WARNING:torch.distributed.elastic.multiprocessing.api:Sending process 4452 closing signal SIGTERM
WARNING:torch.distributed.elastic.multiprocessing.api:Sending process 4453 closing signal SIGTERM
WARNING:torch.distributed.elastic.multiprocessing.api:Sending process 4454 closing signal SIGTERM
WARNING:torch.distributed.elastic.multiprocessing.api:Sending process 4456 closing signal SIGTERM
WARNING:torch.distributed.elastic.multiprocessing.api:Sending process 4458 closing signal SIGTERM
ERROR:torch.distributed.elastic.multiprocessing.api:failed (exitcode: 1) local_rank: 3 (pid: 4455) of binary: /home/jingcheng/anaconda3/envs/Depth5/bin/python
Traceback (most recent call last):
  File "/home/jingcheng/anaconda3/envs/Depth5/bin/torchrun", line 33, in <module>
    sys.exit(load_entry_point('torch==1.12.0', 'console_scripts', 'torchrun')())
  File "/home/jingcheng/anaconda3/envs/Depth5/lib/python3.8/site-packages/torch/distributed/elastic/multiprocessing/errors/__init__.py", line 345, in wrapper
    return f(*args, **kwargs)
  File "/home/jingcheng/anaconda3/envs/Depth5/lib/python3.8/site-packages/torch/distributed/run.py", line 761, in main
    run(args)
  File "/home/jingcheng/anaconda3/envs/Depth5/lib/python3.8/site-packages/torch/distributed/run.py", line 752, in run
    elastic_launch(
  File "/home/jingcheng/anaconda3/envs/Depth5/lib/python3.8/site-packages/torch/distributed/launcher/api.py", line 131, in __call__
    return launch_agent(self._config, self._entrypoint, list(args))

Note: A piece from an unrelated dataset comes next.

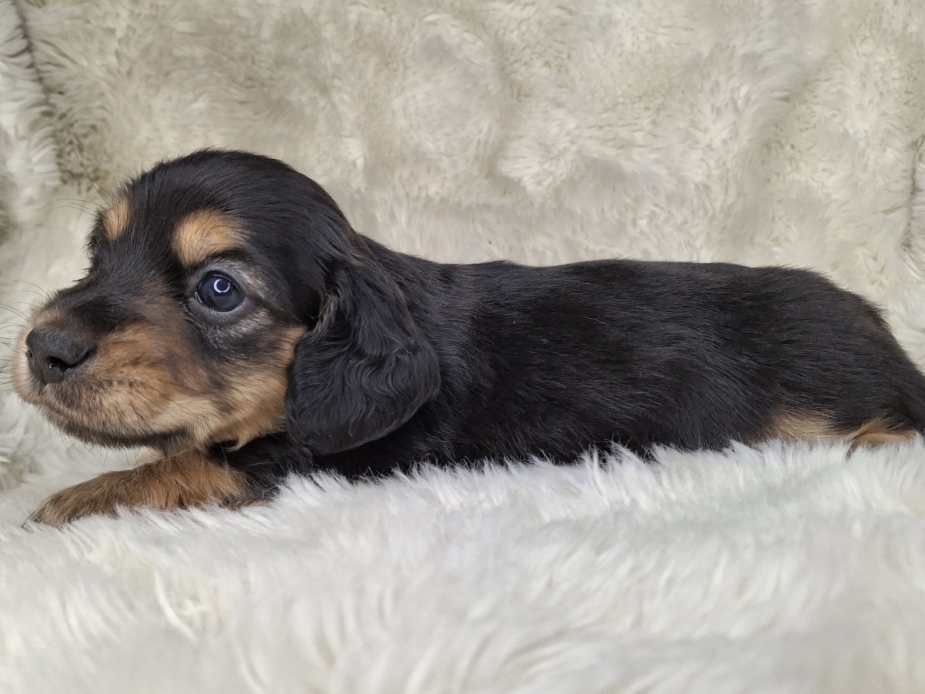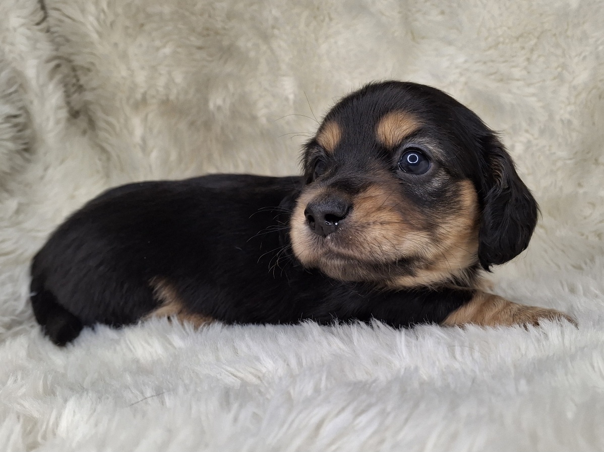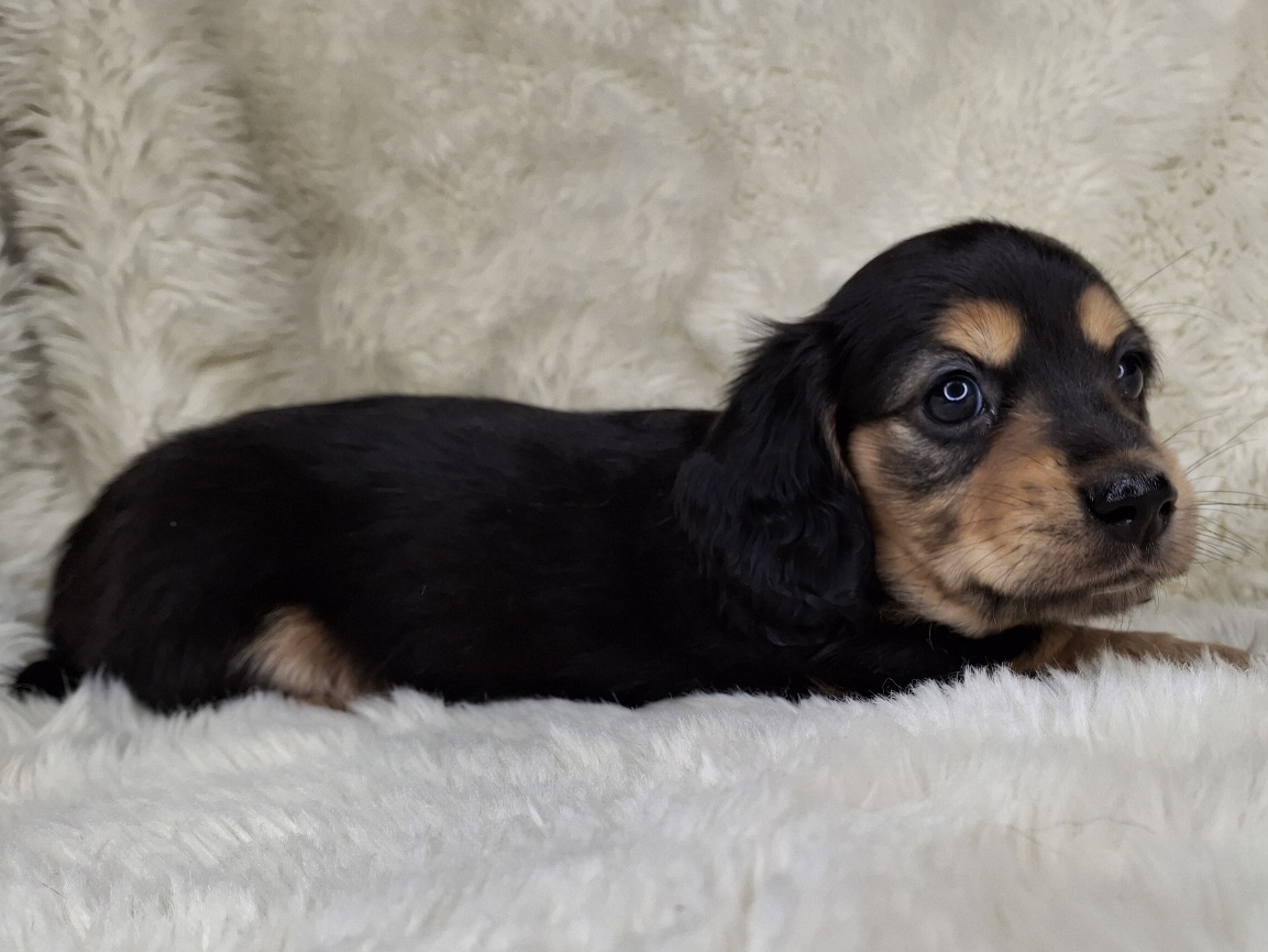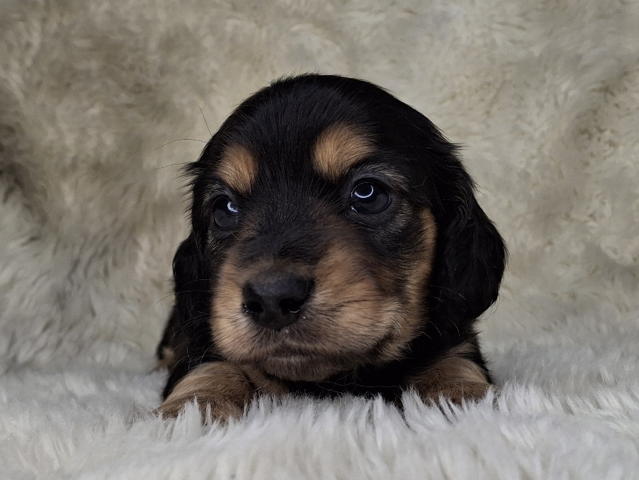 Contact Us For This Black & Cream Longhaired Puppy!

  File "/home/jingcheng/anaconda3/envs/Depth5/lib/python3.8/site-packages/torch/distributed/launcher/api.py", line 245, in launch_agent
    raise ChildFailedError(
torch.distributed.elastic.multiprocessing.errors.ChildFailedError: 
============================================================
example.py FAILED
------------------------------------------------------------
Failures:
[1]:
  time      : 2022-08-25_22:20:57
  host      : Jingcheng-Ubuntu2
  rank      : 5 (local_rank: 5)
  exitcode  : 1 (pid: 4457)
  error_file: <N/A>
  traceback : To enable traceback see: https://pytorch.org/docs/stable/elastic/errors.html
[2]:
  time      : 2022-08-25_22:20:57
  host      : Jingcheng-Ubuntu2
  rank      : 7 (local_rank: 7)
  exitcode  : 1 (pid: 4459)
  error_file: <N/A>
  traceback : To enable traceback see: https://pytorch.org/docs/stable/elastic/errors.html
------------------------------------------------------------
Root Cause (first observed failure):
[0]:
  time      : 2022-08-25_22:20:57
  host      : Jingcheng-Ubuntu2
  rank      : 3 (local_rank: 3)
  exitcode  : 1 (pid: 4455)
  error_file: <N/A>
  traceback : To enable traceback see: https://pytorch.org/docs/stable/elastic/errors.html
============================================================
(Depth5) jingcheng@Jingcheng-Ubuntu2:~/Downloads/examples-main/distributed/ddp$

I'm using PyTorch 1.12.1 with CUDA 11.6 on Ubuntu 20

Does anyone know how I can resolve this issue? Thanks.